Throughout 2023, the RMT has sought to force through a sell-out of the rail strikes and already agreed a rotten sell out in March covering its 20,000 members working for the Network Rail infrastructure company. It wants to do the same to its 20,000 members striking the train operating companies by finalising a two-stage deal with the RDG. However, the government is demanding that the union calls off all strikes and ends the dispute before it will sign off on the agreement.

This has handed the initiative to the government and the rail companies, despite the willingness of rail workers to take them on. The Financial Times reported in January that the “Great British Railways Transition Team [GBRTT] and private sector body Rail Partner” had “drawn up a series of more market-orientated reforms.” With several rail companies running a service so awful they had to be taken under government control, the new proposals “include moving to contracts that ‘restore commercial incentives for operators’,” the FT reported. “The document suggests that the industry believes the 2021 reforms went too far, and that the private sector needs greater freedoms as the railway battles to fix its finances.”

In February, new Transport Secretary Mark Harper confirmed the government would back reforms to “enhance the role of the private sector.”

That the government is so far down the road in enforcing everything it wants in de-staffing the rail network and slashing labour costs to maximise profit is a devastating indictment of RMT leader Mick Lynch.

Britain’s pseudo-left groups declared his occasional statements supporting a general strike and launching of a fraudulent mass campaign against austerity, “Enough is Enough”, to be a rebirth of militant trade unionism. They ignored his actual efforts to neuter the rail strike and impose a rotten agreement, and his insistence that the eventual election of Sir Keir Starmer’s Labour Party was “the only alternative” to the continuation of Tory rule. The RMT has called just a few days of industrial action since December, to be followed with only three days of strikes over a period of ten days on July 20, 22 and 29.

No industrial action has been called against the ticket office closures. Instead, the RMT is calling two “days of action”—protests to be held outside rail stations on July 13 and 18. The RMT’s campaign centres on collaboration with the consultative process, with the public urged to write to their local rail firm with complaints, and appeals made to MPs and councillors of all parties to fight the proposals.

This is the RMT’s stock-in-trade alternative to the class struggle. Last March the RMT launched its “Save P&O” campaign after DP World sacked over 800 ferry workers, urging workers to appeal to the Tories to protect a “national asset” instead of organising strikes.

It did the same thing on the rail.
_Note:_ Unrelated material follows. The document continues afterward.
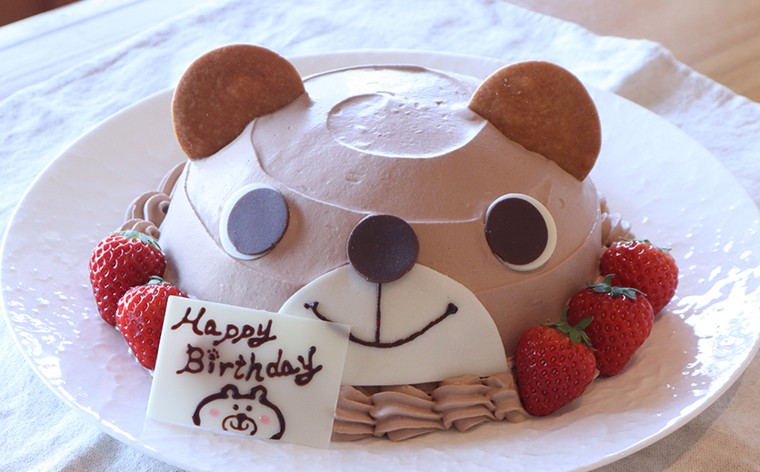 美瑛小麦を使った味わい深いスポンジ生地に、純生クリームと北海道産いちごをサンドしています。周りにはチョコレートクリームでデコレーションしました。クマさんのお顔をモチーフにしたケーキです。
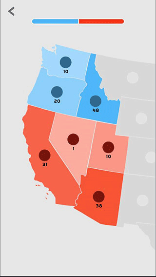 3、点击拖动地图块中间的圆点,即可表示派遣单位进行攻击扩张,圆点旁边的数字表示单位数量,单位数量会随着时间自动增长,数量越多,地图块的颜色也就越深。

Last November, its propaganda opposing ticket office closures stressed that “Over 75% of Conservative MPs have one or more ticket office in their constituency which is at risk of closure.” In 2015, an identical campaign on the London Underground ended with the closure of every single ticket office, leaving many stations unmanned and leading to redundancy for around 1,000 station staff and control room assistants.

The fight against ticket office closures and the fate of the rail strikes depends on workers taking the dispute out of the hands of RMT, ASLEF and TSSA bureaucracy. Rank-and-file committees must be set up in every workplace to unite all rail workers in a common struggle and to prepare a long overdue counter-offensive against this hated government.